Row – I used to think that because I am pretty good at pull-ups, I don’t need to do rows because they are significantly easier. But this is really not true at all. Rows are actually as important as push-ups and the different angle afforded by the body position in the row versus the pull-up makes them a great way to work the many muscles of the back and also the biceps. Furthermore, if you can’t do a pull-up yet, rows are a great way to build the strength necessary to get there. Ring height and also whether your legs are extended or bent allow you to vary the difficulty of the exercise. Elevating the feet and keeping the legs straight will make it the most difficult.

Gymnastics ring rows


Full Body Tuck Row – this is probably the most difficult exercise included here because of the strength and balance requirements. On a good day I can get maybe five reps. Don’t try this unless you are good at rows with your feet touching the the ground. In this exercise you are lifting your entire body-weight. Once you can do at least 12 good reps of regular rows, try getting yourself into the tuck position and holding it for as long as you can.

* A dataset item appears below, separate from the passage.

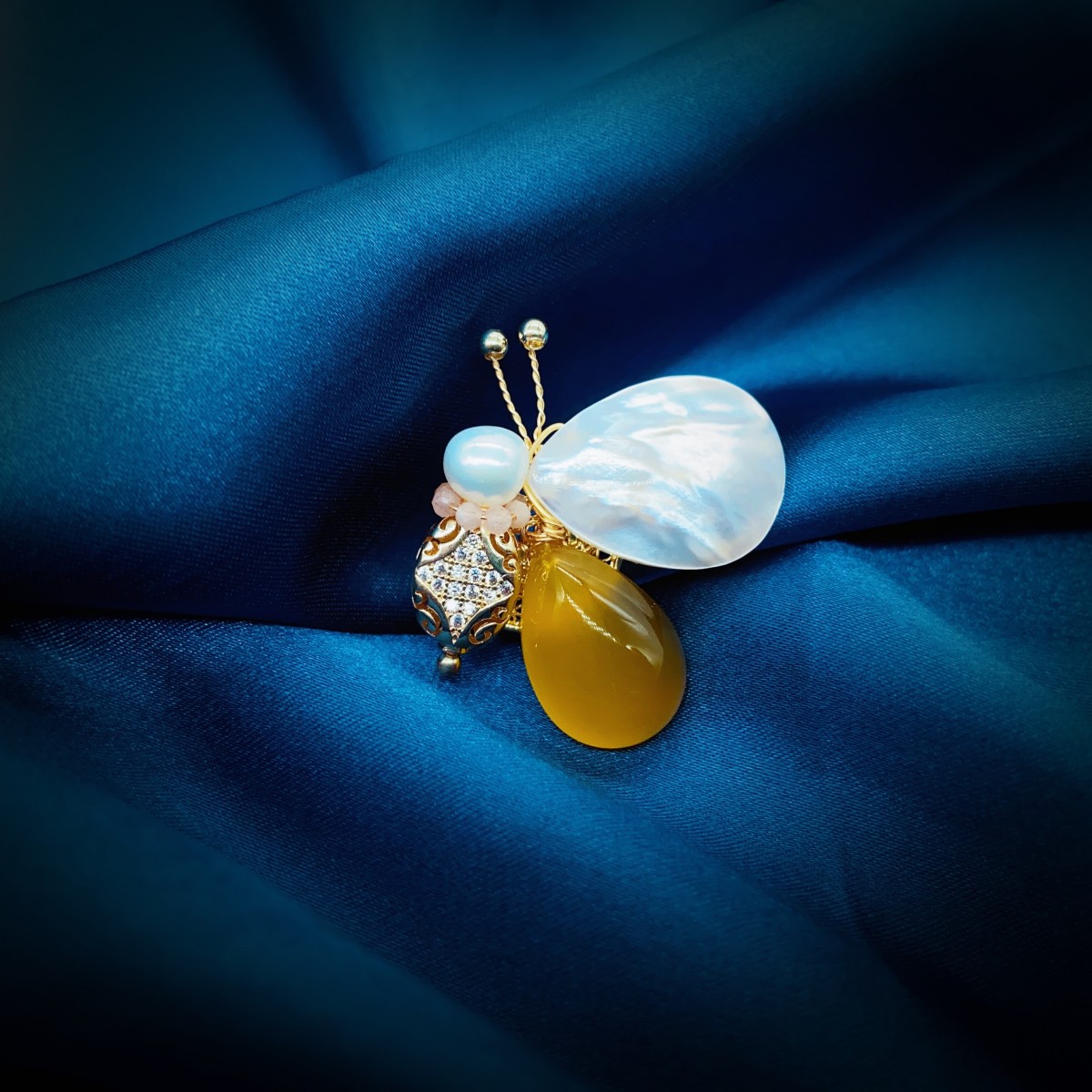 The Butterfly and Pearl Brooch is a delightful accessory that exudes freshness, sweetness, and the vibrant charm of spring.

This exercise is a great way to prepare for the almighty front lever.


Assisted Pull-Up
– I love gymnastics rings for assisting with just about any exercise. If you can’t yet do a pull-up, adjust the rings to about chest height and use your legs to assist you with the movement. It is really easy to vary the amount of assistance that you give yourself and once you are feeling stronger, you can work in some negatives. Once you get to the top position, take your feet off the ground and hold yourself for as long as you can and then slowly lower yourself to the starting position.

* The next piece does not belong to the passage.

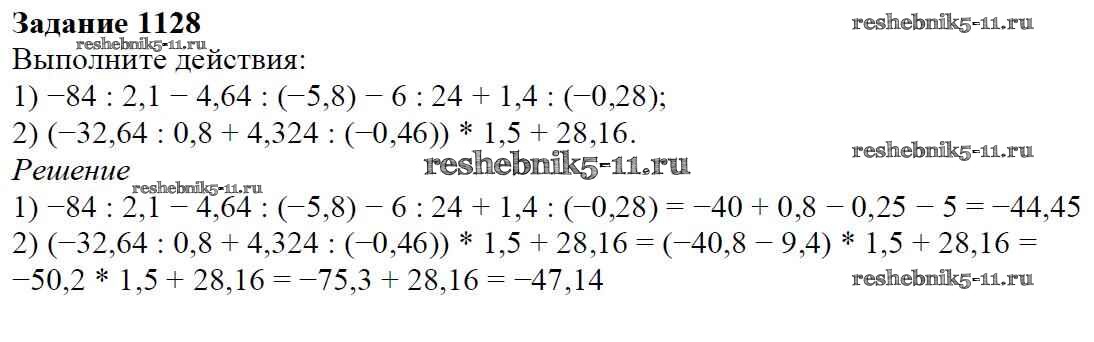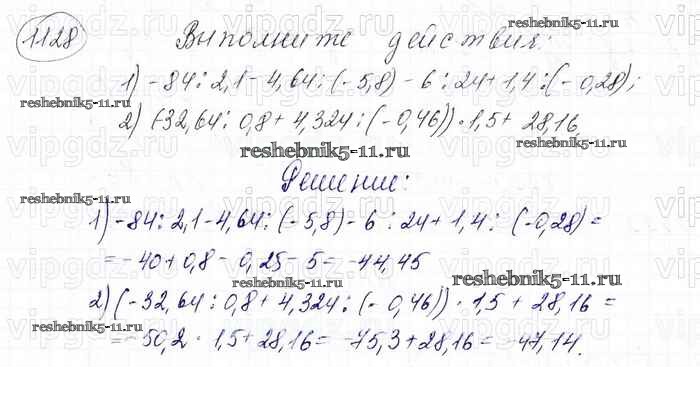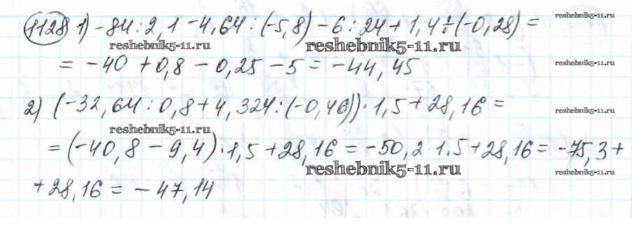 Готовая домашняя работа с ответами по Математике за 6 класс Мерзляк, Полонский, Якир Учебник Алгоритм успеха Вентана-граф 2016 ФГОС - Глава 4. Рациональные числа и действия над ними (упражнения) 1128

Gymnastics ring assisted pull-up


Chin-Up – once you are pulling your entire vertically-positioned body weight up, you are doing a pull-up or chin-up. Generally speaking, if the palms are facing your back you are doing a chin-up. In this position more emphasis is placed on the biceps than when the palms are facing forward for a pull-up. But keep in mind the gymnastic rings give you the unique opportunity to change your hand position while performing the exercise. This provides a range of stimulation and also helps to spare the joints. Keep a relatively slow tempo and do not kick your legs or jerk your body while performing the movement.

Gymnastics ring chin-up

L-Sit Pull-up – this is one of the most difficult movements included in this article. Sometimes done of necessity because you cannot raise the rings high enough, the L Sit pull-up is a king maker. Keep your legs straight out in front of you throughout the entire range of motion. You will feel a strong core activation and will likely have sore abdominal muscles the next day. To build up to the full L Sit, you can start by bending your legs (more of an “N Sit”).

Gymnastics ring L Sit pull-up

Bicep Curl – like the tricep extension, the bicep curl is an exercise that targets a specific muscle of arm, the biceps, and can be made very easy or very difficult depending on the placement of your feet and height of the rings. The closer you are to standing straight up the easier it is. Keep your elbows tucked in rather than flared out.

Gymnastics ring bicep curl


Lateral raise – one of the main functions of the deltoid, or shoulder, muscles is to move a straight arm out to the side of your body, much like you would do if you were trying to flap your wings and fly. In weightlifting, the lateral raise is a key exercise for the deltoids. You can simulate this movement using gymnastics rings. Again, the more upright your position when starting, the easier the exercise will be. The easiest version is shown in the video below.

Gymnastics ring lateral raise

Legs

In calisthenics, leg exercises are primarily squat-based and the gymnastics rings can be instrumental in assisting you with the more difficult movements such as one-legged squats or lunges. They can be used as support to help with the balance component and/or to make the exercise less difficult by taking some of your weight off the legs.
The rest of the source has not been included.